======== Data block ========
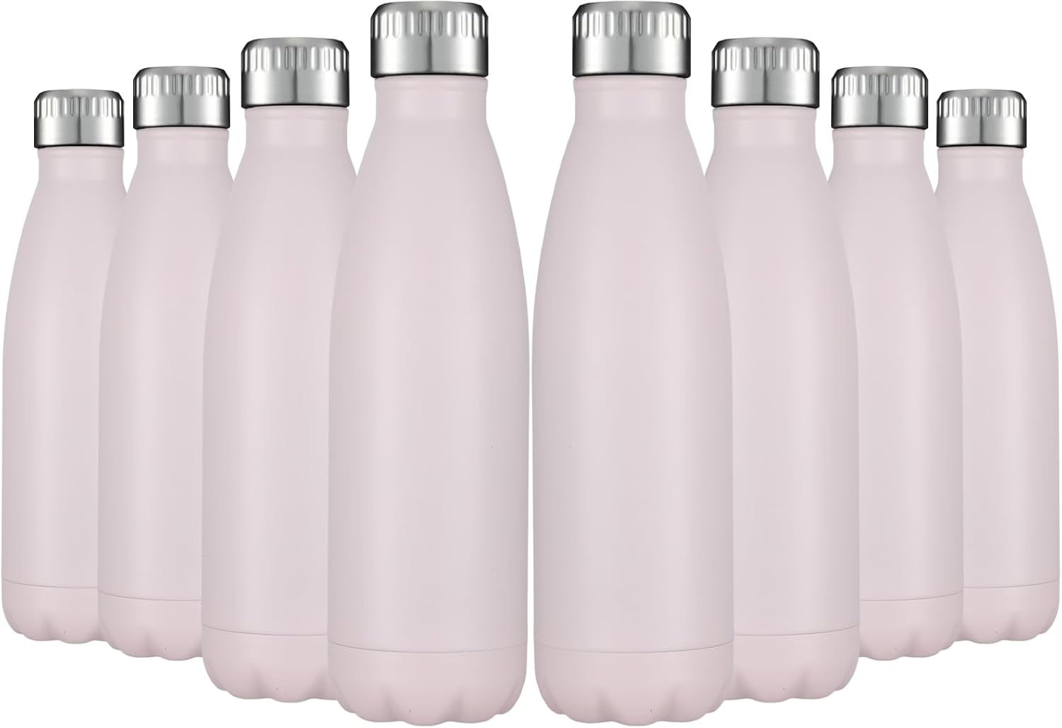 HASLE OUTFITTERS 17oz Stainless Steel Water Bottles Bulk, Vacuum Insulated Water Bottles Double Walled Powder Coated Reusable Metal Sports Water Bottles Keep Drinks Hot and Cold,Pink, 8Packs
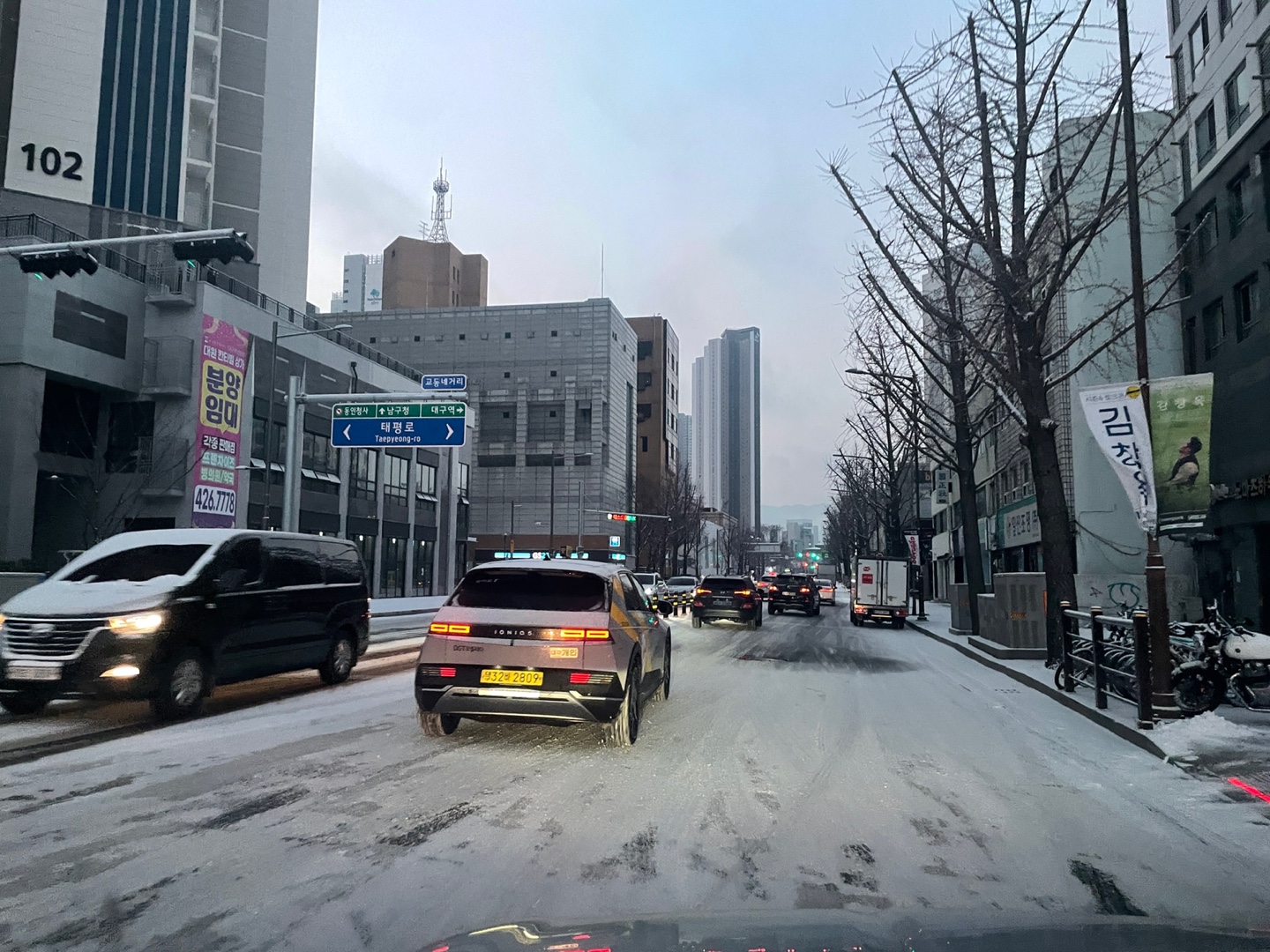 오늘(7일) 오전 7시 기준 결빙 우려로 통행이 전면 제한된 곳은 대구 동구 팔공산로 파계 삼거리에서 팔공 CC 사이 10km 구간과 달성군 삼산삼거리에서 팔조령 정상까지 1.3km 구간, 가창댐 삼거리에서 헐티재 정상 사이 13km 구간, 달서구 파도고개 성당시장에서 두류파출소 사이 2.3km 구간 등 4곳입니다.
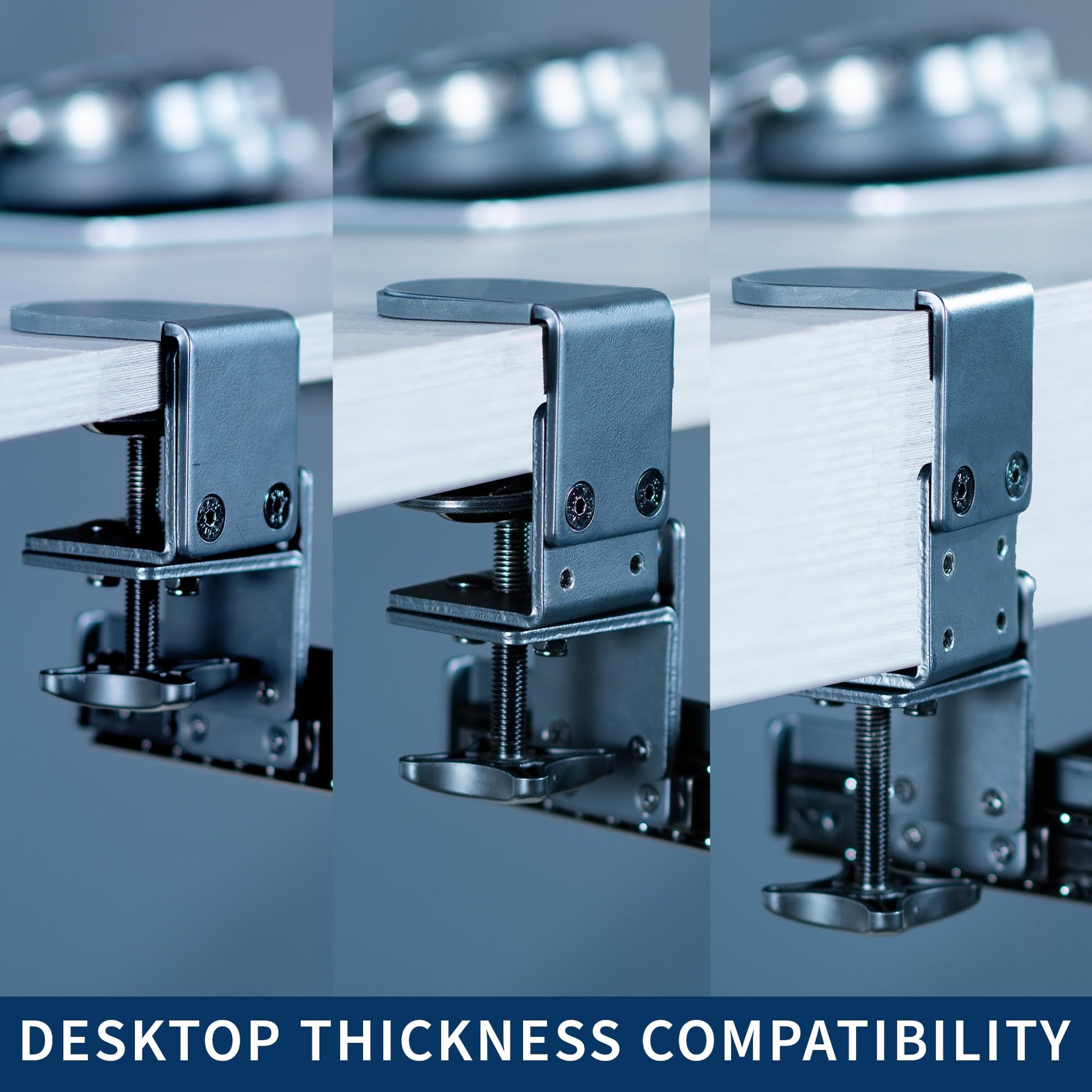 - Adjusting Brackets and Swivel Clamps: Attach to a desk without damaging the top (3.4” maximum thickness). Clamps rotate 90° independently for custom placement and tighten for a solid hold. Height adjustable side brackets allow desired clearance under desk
========
Problem description: Exactly as given, set down each line of the material, but include no pictures.

Your response:
 HASLE OUTFITTERS 17oz Stainless Steel Water Bottles Bulk, Vacuum Insulated Water Bottles Double Walled Powder Coated Reusable Metal Sports Water Bottles Keep Drinks Hot and Cold,Pink, 8Packs
 오늘(7일) 오전 7시 기준 결빙 우려로 통행이 전면 제한된 곳은 대구 동구 팔공산로 파계 삼거리에서 팔공 CC 사이 10km 구간과 달성군 삼산삼거리에서 팔조령 정상까지 1.3km 구간, 가창댐 삼거리에서 헐티재 정상 사이 13km 구간, 달서구 파도고개 성당시장에서 두류파출소 사이 2.3km 구간 등 4곳입니다.
 - Adjusting Brackets and Swivel Clamps: Attach to a desk without damaging the top (3.4” maximum thickness). Clamps rotate 90° independently for custom placement and tighten for a solid hold. Height adjustable side brackets allow desired clearance under desk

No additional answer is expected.